About this task. Please take the records that follow and repeat exactly the lines starting with the line with "ОсобенностиИнфракрасный нагревательный элемент" and going on through the line with "図5 に普通紙,耐熱紙の各D".

Material provided.
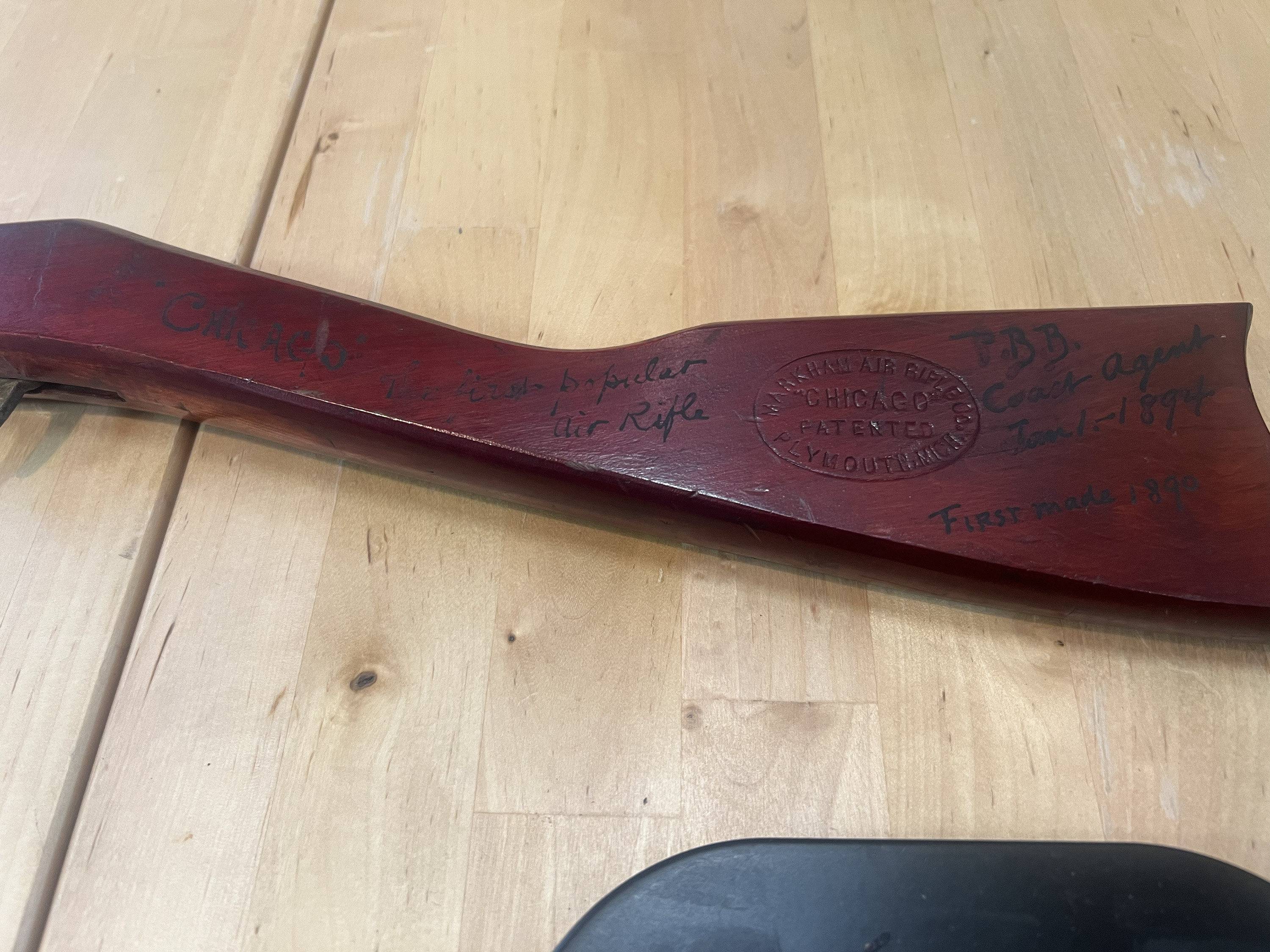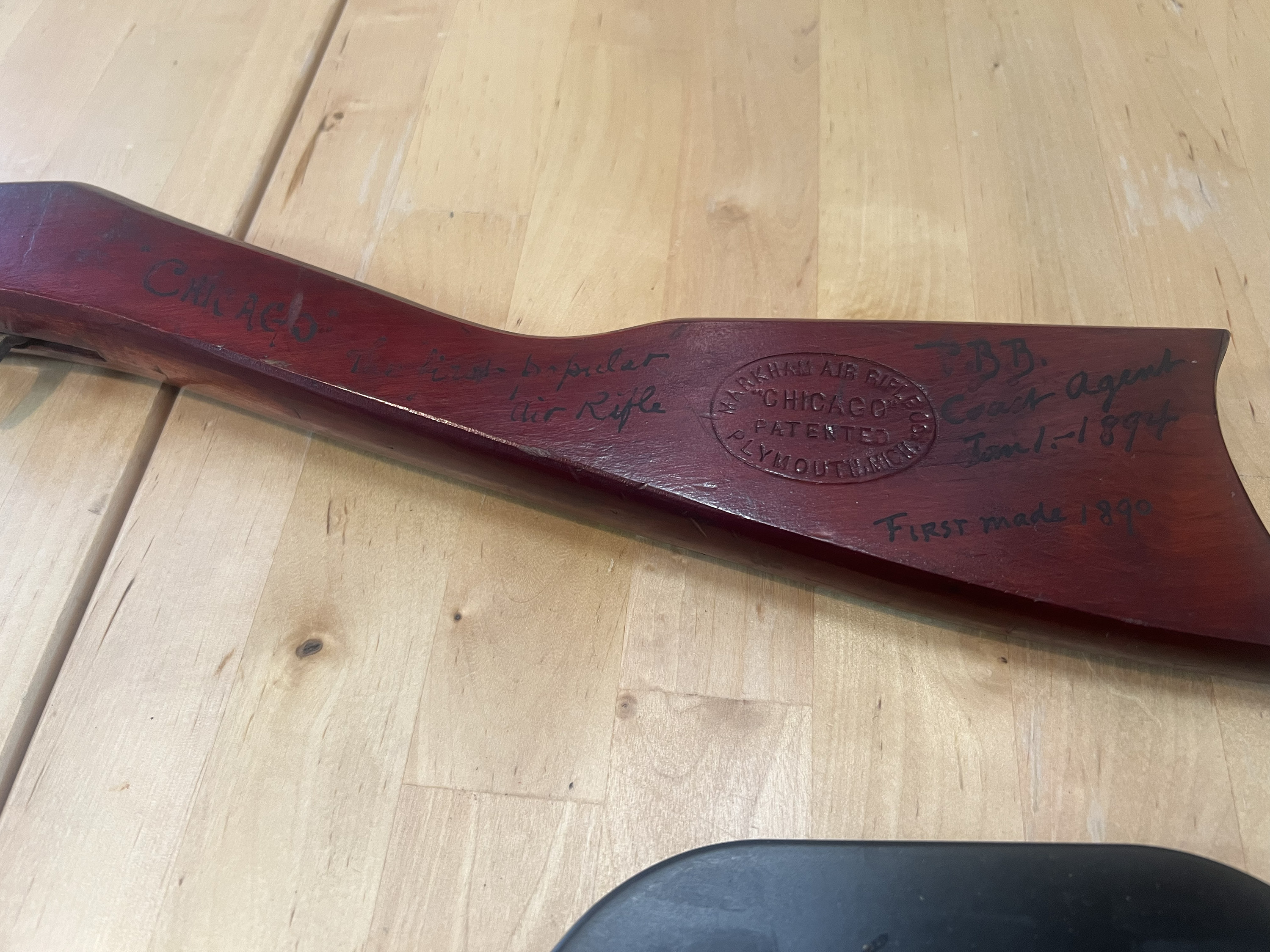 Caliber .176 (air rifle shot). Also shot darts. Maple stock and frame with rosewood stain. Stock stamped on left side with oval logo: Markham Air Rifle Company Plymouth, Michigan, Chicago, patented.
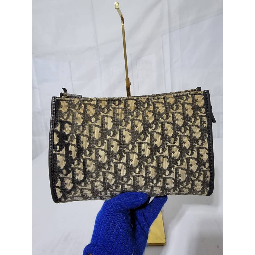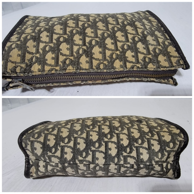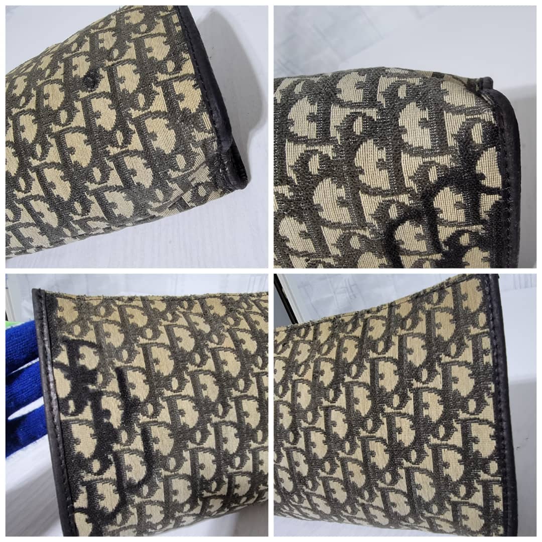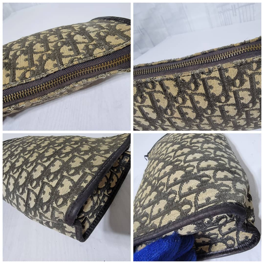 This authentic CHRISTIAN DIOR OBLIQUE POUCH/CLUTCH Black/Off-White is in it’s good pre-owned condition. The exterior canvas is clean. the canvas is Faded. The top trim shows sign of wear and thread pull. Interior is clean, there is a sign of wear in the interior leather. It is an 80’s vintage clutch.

...

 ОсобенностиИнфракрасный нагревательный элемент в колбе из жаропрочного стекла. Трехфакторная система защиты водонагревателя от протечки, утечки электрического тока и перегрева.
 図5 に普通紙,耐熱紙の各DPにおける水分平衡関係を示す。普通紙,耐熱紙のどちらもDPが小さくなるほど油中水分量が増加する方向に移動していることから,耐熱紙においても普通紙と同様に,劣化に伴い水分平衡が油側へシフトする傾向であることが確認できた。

Response area.
 ОсобенностиИнфракрасный нагревательный элемент в колбе из жаропрочного стекла. Трехфакторная система защиты водонагревателя от протечки, утечки электрического тока и перегрева.
 図5 に普通紙,耐熱紙の各DPにおける水分平衡関係を示す。普通紙,耐熱紙のどちらもDPが小さくなるほど油中水分量が増加する方向に移動していることから,耐熱紙においても普通紙と同様に,劣化に伴い水分平衡が油側へシフトする傾向であることが確認できた。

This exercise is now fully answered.